What you are asked to do: Quote each line of the material verbatim, without the pictures.

Recorded data:
==================================================
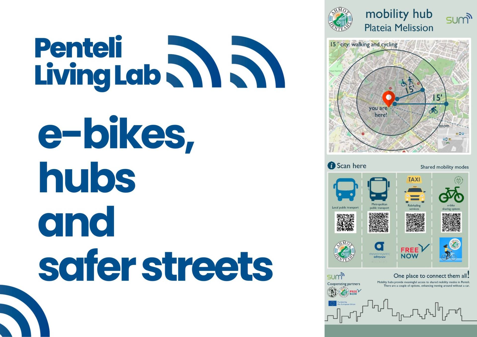 The Athens-Penteli Living Lab focuses on integrating New and Shared Mobility (NSM) with public transport, co-creating adaptive street spaces, and integrating NSM with public transport ticketing systems. Efforts include improving road safety, developing pedestrian and cycling networks, introducing charging points for electric vehicles and involving citizens in urban planning. With an emphasis on sustainability, the Lab’s challenges include improving pedestrian safety, reducing congestion, and increasing green spaces while minimising pollutants.
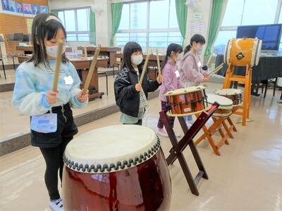 【2年生】1枚目の写真は、音楽の時間の一コマです。「おまつりの音楽」という題材の学習で、「村まつり」の曲に合わせて5種類の太鼓をたたいていきます。全員がすべての太鼓を体験することができるように、1フレーズが終わると場所を移動していました。太鼓による音の違いを体験しながら演奏することができました。
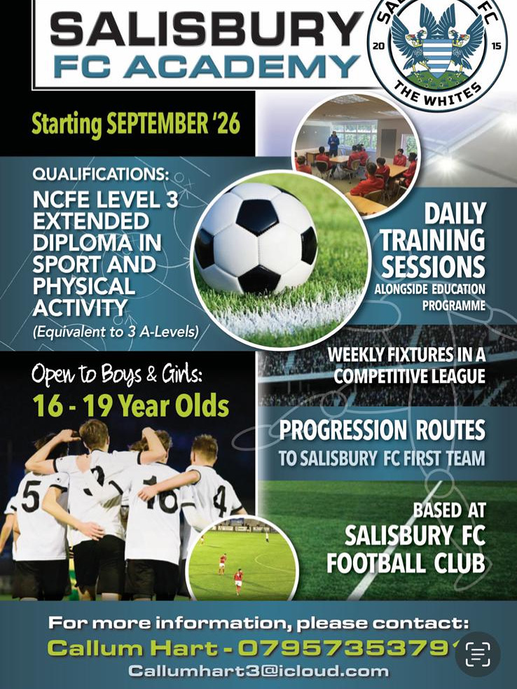 Whether your goal is to play professionally, continue into higher education, or build a career in sport, the Salisbury FC Academy is the perfect place to start your journey.
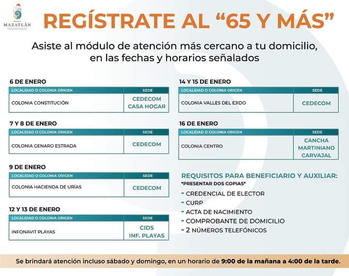 MAZATLÁN,  Sin.- Este jueves 6 de enero, inicia en el municipio la inscripción al Programa de Pensión para el Bienestar de las Personas Adultas Mayores, conocido también como “65 y Más”, con seis módulos en varias zonas de la ciudad que brindarán atención en fechas y horarios establecidos.
==================================================
Solution:
 The Athens-Penteli Living Lab focuses on integrating New and Shared Mobility (NSM) with public transport, co-creating adaptive street spaces, and integrating NSM with public transport ticketing systems. Efforts include improving road safety, developing pedestrian and cycling networks, introducing charging points for electric vehicles and involving citizens in urban planning. With an emphasis on sustainability, the Lab’s challenges include improving pedestrian safety, reducing congestion, and increasing green spaces while minimising pollutants.
 【2年生】1枚目の写真は、音楽の時間の一コマです。「おまつりの音楽」という題材の学習で、「村まつり」の曲に合わせて5種類の太鼓をたたいていきます。全員がすべての太鼓を体験することができるように、1フレーズが終わると場所を移動していました。太鼓による音の違いを体験しながら演奏することができました。
 Whether your goal is to play professionally, continue into higher education, or build a career in sport, the Salisbury FC Academy is the perfect place to start your journey.
 MAZATLÁN,  Sin.- Este jueves 6 de enero, inicia en el municipio la inscripción al Programa de Pensión para el Bienestar de las Personas Adultas Mayores, conocido también como “65 y Más”, con seis módulos en varias zonas de la ciudad que brindarán atención en fechas y horarios establecidos.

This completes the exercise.